Adherence Strategies: No shows: Expanding the concept of adherence
No shows: Expanding the concept of adherence
Medication adherence is tied to medical attendance
For too long medication adherence has been studied and viewed from the narrow perspective of how many and how frequently patients take their antiretroviral medications, an expert says.
While HIV clinicians and researchers intuitively know that patients who fail to show up for medical appointments also have greater health problems and medication adherence issues, too few interventions and studies address this issue.
"We need to try to expand the scope of what we consider when we think about adherence," says Thomas P. Giordano, MD, MPH, an assistant professor of medicine at Baylor College of Medicine in Houston, TX. Giordano's research found that HIV patients who fail to show up for medical appointments have poorer survival with HIV infection.1
"Adherence has to do with having an effective linkage to care after diagnosis, and it's related to keeping doctors' appointments and not having prolonged gaps in care," Giordano explains. "All of those are important predictors to medication adherence and survival."
This is why it's important that any adherence program include support for improving medical care retention, he notes.
Since people who abuse substances, have psychiatric disease, or struggle with socioeconomic issues, such as transportation and housing problems, often have more difficulty with meeting doctors' appointments, then some resources must focus on helping patients overcome these obstacles, Giordano says.
Also, researchers need to devote more time to studying retention in care issues, he says.
"The literature around that concept is light years behind where adherence to medication is," Giordano says. "There are no randomized studies about improving retention in care that have been published yet."
There are some studies underway, and there are many applications that have been submitted to conduct such research, but there isn't anything available at present, he adds.
Part of the problem is that the focus on HIV adherence evolved over the past two decades as drugs became more potent and increasingly available.
"When highly-active antiretroviral therapy (HAART) came out in the mid-1990s, it was made available to the sickest patients, who were in care," Giordano says. "Then we figured out how to use it most effectively and realized in the late 1990s that adherence was critically important."
So it's been only within the last decade that the HIV community has focused on medication adherence.
"There was some early recognition that retention in care was a problem, but it's really taken off in the last few years," Giordano says. "So we're trying to come up with ways to address that problem."
Using the Veterans Administration Immunology Case Registry, which draws on electronic medical records of nearly 60,000 HIV-infected patients cared for by the VA, Giordano's study analyzed retention in care and HIV disease progression.1
More than one-third of the more than 2,600 HIV-infected men included in the study had not received VA care for at least three months.
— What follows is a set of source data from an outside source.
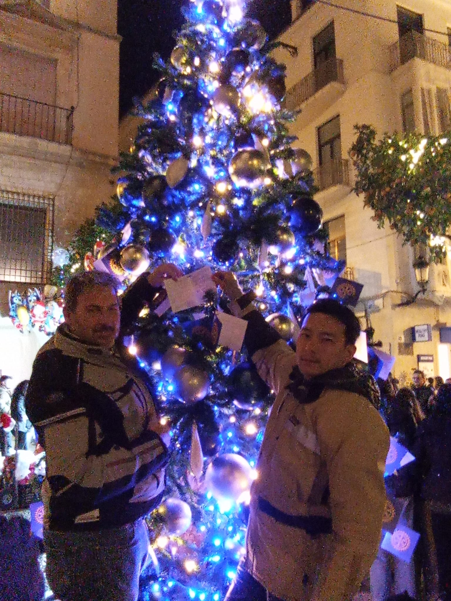 大聖堂前のクリスマスツリーには、みんな願い事を書いて吊るすらしい。
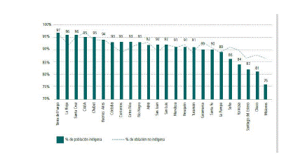 En 2019 aparecieron excepcionalmente en los medios masivos de comunicación varias notas periodísticas sobre los pueblos indígenas de Argentina, posiblemente por el impacto que tuvo la declaración del Año Internacional de las Lenguas Indígenas (Naciones Unidas). De las muchas notas, una llamó profundamente nuestra atención, se titulaba “Educación indígena: el analfabetismo duplica el promedio nacional y faltan docentes preparados” (INFOBAE, 24/04/2019). Esta nota reflejaba datos de un informe del Observatorio de la Universidad Pedagógica Nacional (UNIPE, 2019), que retomaba centralmente los últimos valores disponibles, del Censo Nacional de Población, Hogares y Viviendas (INDEC, 2010). Según esos datos, el porcentaje de personas analfabetas en todo el país mayor de 10 años es del 1,9%; pero asciende a 3,7% entre la población indígena. Más aún, como puede observarse en el Gráfico Nº1, entre la población indígena esta cifra aumenta considerablemente en algunas jurisdicciones tales como Misiones (14,9%) y Chaco (14,3%) que encabezan el listado. Ese dato acaparó especialmente nuestra atención porque desde hace años venimos estudiando aspectos de la implementación de la Educación Intercultural Bilingüe (EIB) en esas dos provincias, que según nuestros análisis se encuentran en las antípodas en relación con el desarrollo de la EIB; pero que logran resultados similares en cuanto al analfabetismo y rendimiento educativo de sus poblaciones indígenas. En ese mismo informe se presentan para Misiones y Chaco las tasas más bajas de asistencia escolar (para poblaciones indígenas y no indígenas) a nivel nacional (Ver Gráfico Nº2). Sorprenden estos resultados tan análogos –que a su vez no se reducen a una sola muestra estadística (INDEC, United Nations Educational, Scientific and Cultural Organization –UNESCO-, Ministerio de Educación)– porque son escenarios históricamente muy diferenciados. El aspecto que comparten, como todos los pueblos indígenas de Argentina, refiere a los contextos de desigualdad socioeconómica en que se enmarcan las condiciones de diversidad socioeducativa que, aunque transciende la variable étnica, se correlaciona de forma estable en las poblaciones indígenas locales.
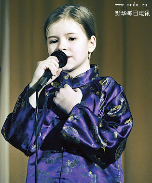 3月15日,第二屆莫斯科中小學生中國語言文化節(jié)在莫斯科的1259學校舉辦,來自莫斯科十幾所學校的中小學生參加了比賽和演出活動。圖為一個小女孩在莫斯科參加活動。新華社記者劉軼芳攝
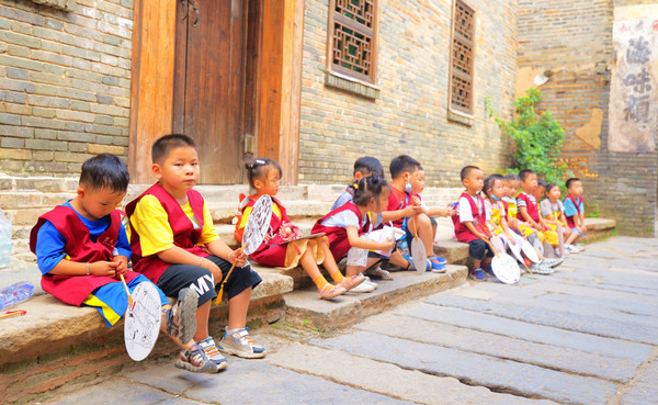 以我的认知,文昌阁应该是新建的作旧建筑,是古村的一个例外,正巧有一帮小学生在台阶上不认真地写作业,很应景。
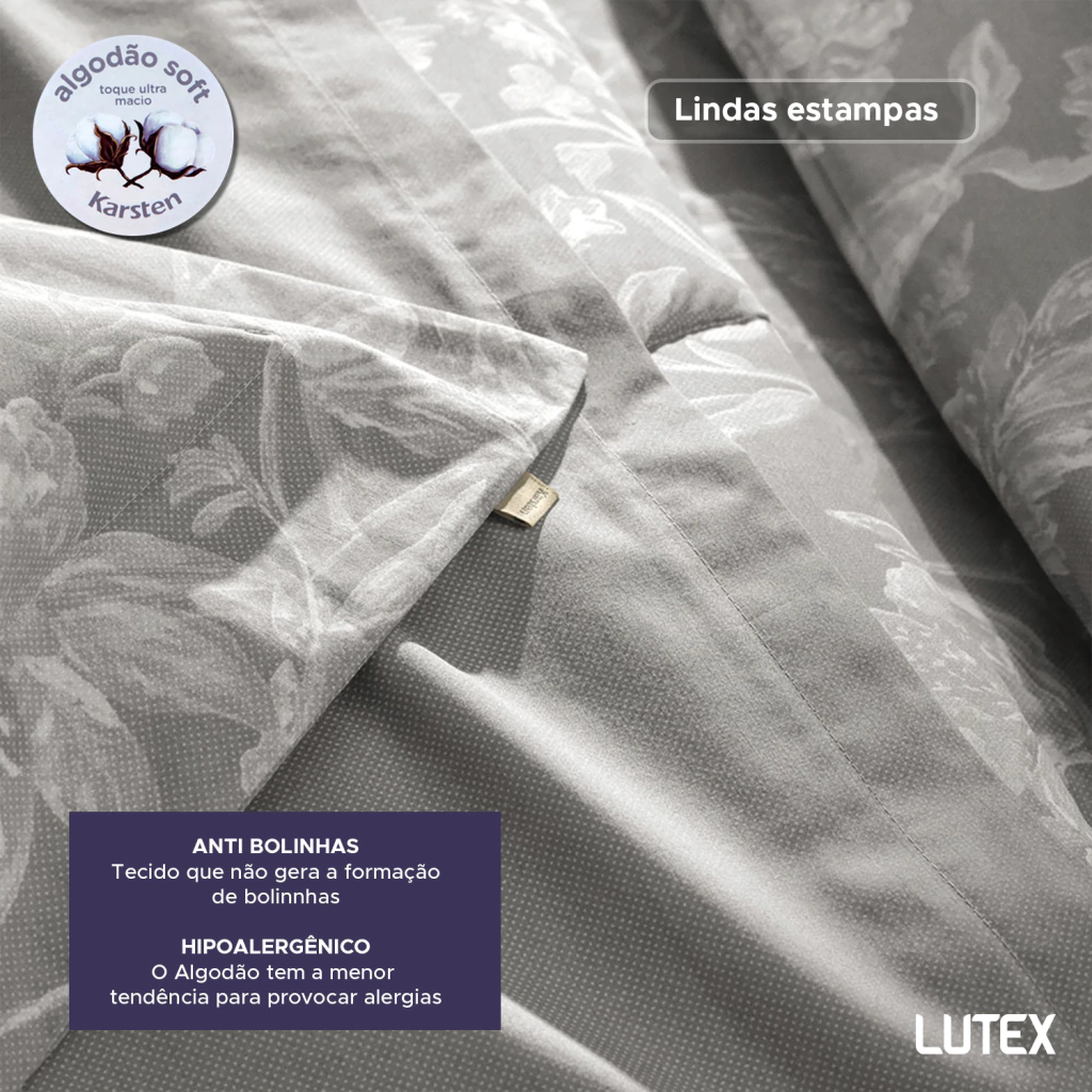 A linha de cama Karsten 200 Fios Percal 100% Algodão Dobra Feita tem estampas em cores neutras, que transmitem serenidade e frescor no olhar. Este jogo leva o selo de algodão soft pois é fabricado em um processo inovador de acabamento têxtil e finalizado em calandra, que resulta em conforto que remete a aconchego e tranquilidade, criando um ambiente propício ao descanso e noites revigorantes.

Those out of care for as little as three months in their first year of antiretroviral therapy had worse survival, which was adjusted for age, CD4 cell count, HIV concentration, hepatitis C co-infection, and other comorbid conditions.1
"This study was done using VA data from across the nation, so that's pretty good data," Giordano says.
Although many investigators and clinicians will say that they expected these types of results, their intuition was not based on a body of research showing the connection to HIV outcomes and HIV care retention because this hasn't been the focus of previous adherence and outcomes research, he notes.
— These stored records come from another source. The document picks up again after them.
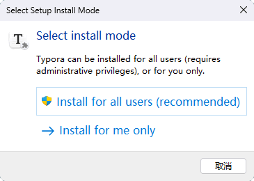 1) 我使用的是 Windows x64 系统,下载得到 typora-setup-x64.exe 安装包,双击启动执行。
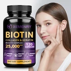Effects: Anti-Aging, Hair, Skin Health Ingredients: Biotin, Collagen, Keratin, MSM Directions: Take 2 capsules once daily after a meal. Shipping: Ships within 48 hours on working days. Shelf life: 2 years Description: Biotin Collagen and Keratin Supplement - An required mixture of biotin vitamins, collagen and keratin. Our Biotin for Men and Women nourishes your hair, skin and nails, reducing the signs of aging by replenishing your body with essential oxidants. Thicker, fuller, healthier hair, stronger nails, softer skin - Taking biotin with hyaluronic acid regularly can also help strong hair roots, increase strength, reduce breakage and split ends, and keep hair feeling softer, More energetic. It also solid nails and helps improve skin elasticity and firmness. The Power of Collagen, Keratin & Biotin Complex - Promoting thicker hair growth and overall beauty, our carefully formulated hair vitamins are designed to nourish your body from within. Leaves hair, skin and nails glowing. Document
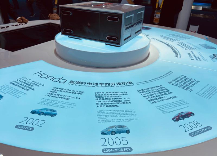 现场的日本技术人员说,以搭载第三代燃料电池的最新一代 Clarity Fuel Cell车型为例,最大可实现 130千瓦的输出功率和 300N·m的峰值扭矩,使强劲动力与高效环保达到统一;与此同时,每次加满氢只需3分钟,最大续航里程高达 750公里,为同类产品最高水准。
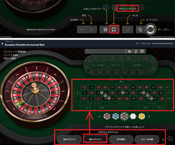 TOM HORNで遊べるルーレットは、「European Roulette Announced Bets」の1つです。
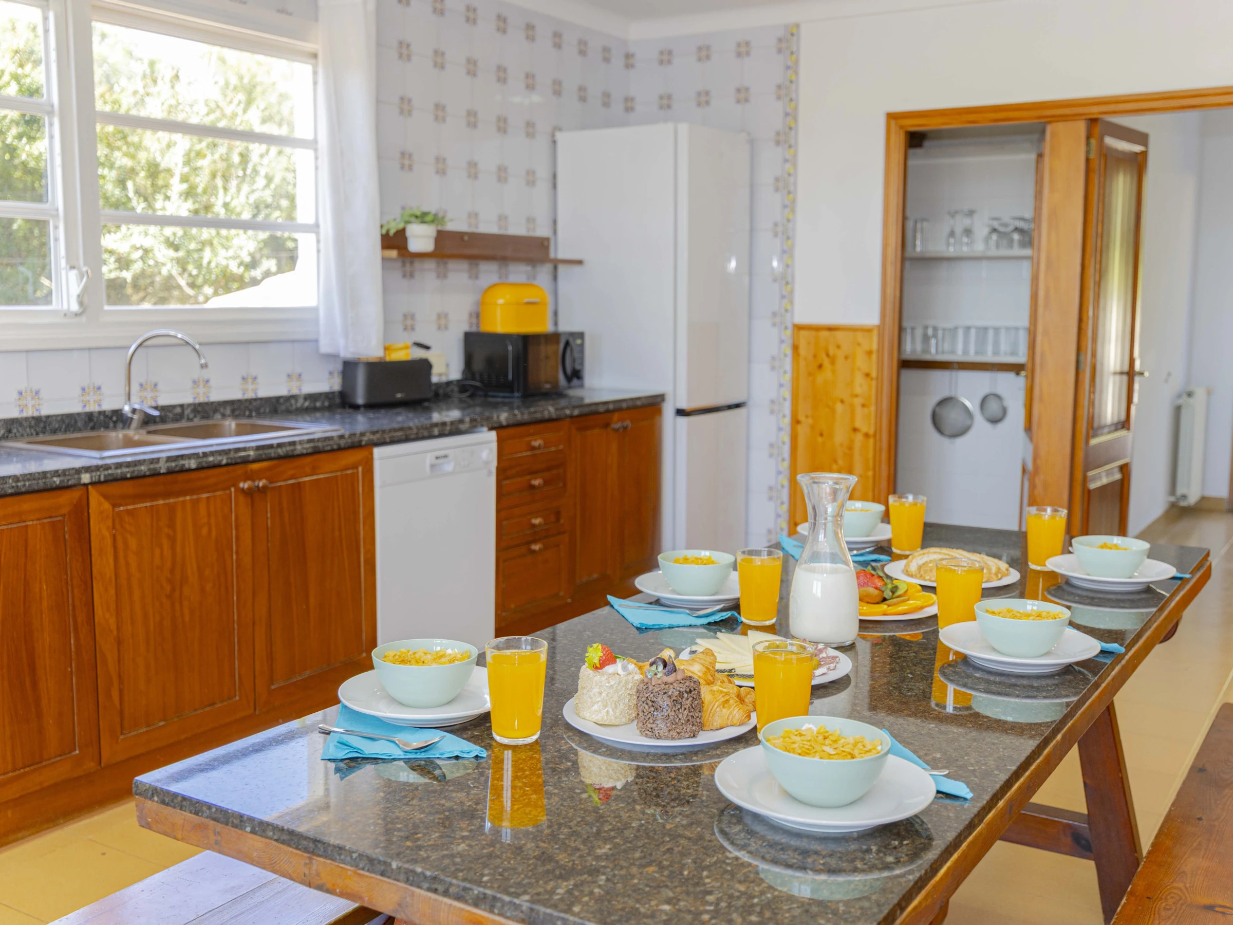 La cuisine indépendante, à vitrocéramique, est équipée avec réfrigérateur, micro-ondes, four, congélateur, lave-vaisselle, vaisselle/couverts, ustensiles/cuisine, cafetière, grille pain, bouilloire et presse-agrumes.
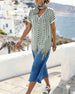 SPESIFIKASJONER Topp type: Bluser Stil: Uformelt Materiale: Bomullsblandinger Anledning: Daglig Halslinje: Slag Mønstertype: Prikk Ermetype: Vanlig erme Erme lengde: Kort erme Passform type: Vanlig Årstid: Vår,Sommer Detaljer: Rynket Pakken inkluderer: 1 x Bluse STØRRELSESTABELL (cm) Størrelse Bryst Lengde S 97 65 M 101 66.5 L 105 68 ...
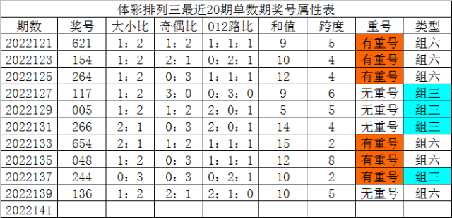 体彩排列三最近20期单数期奖号分别为:621、154、264、117、005、266、654、048、244、136,各期奖号详细属性下表:
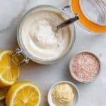 - Blend Ingredients: Place the tofu, lemon juice, maple syrup, Dijon mustard, salt, and optional garlic powder into a blender, food processor, or use an immersion blender. Blend until the mixture is completely smooth and creamy.

"People who are not in care are really hard to study because they're not showing up," Giordano says. "And how do you show that people who aren't in care are doing poorly?"
This is where the VA data is unique because it shows good survival data even when patients weren't using the VA health care system regularly, he adds.
The next step is for researchers and clinicians to start thinking about adherence in the global sense of a patient's entire HIV care and support, Giordano says.
"Our whole way of thinking about how to treat HIV is centered around what drugs to use and how do we get people to adhere better to these drugs, and people who are not on drugs are sort of missing from the equation," he says. "If you want to improve outcomes, then we need people who should be on the medications to be on them."
And one way to do this may be to look at the whole HIV care delivery system and find ways to make it easier to get people into care and to stay in care, Giordano says.
Reference
- Giordano TP, Gifford AL, White Jr. AC, et al. Retention in care: a challenge to survival with HIV infection. CID. 2007;44(1):1493-1499.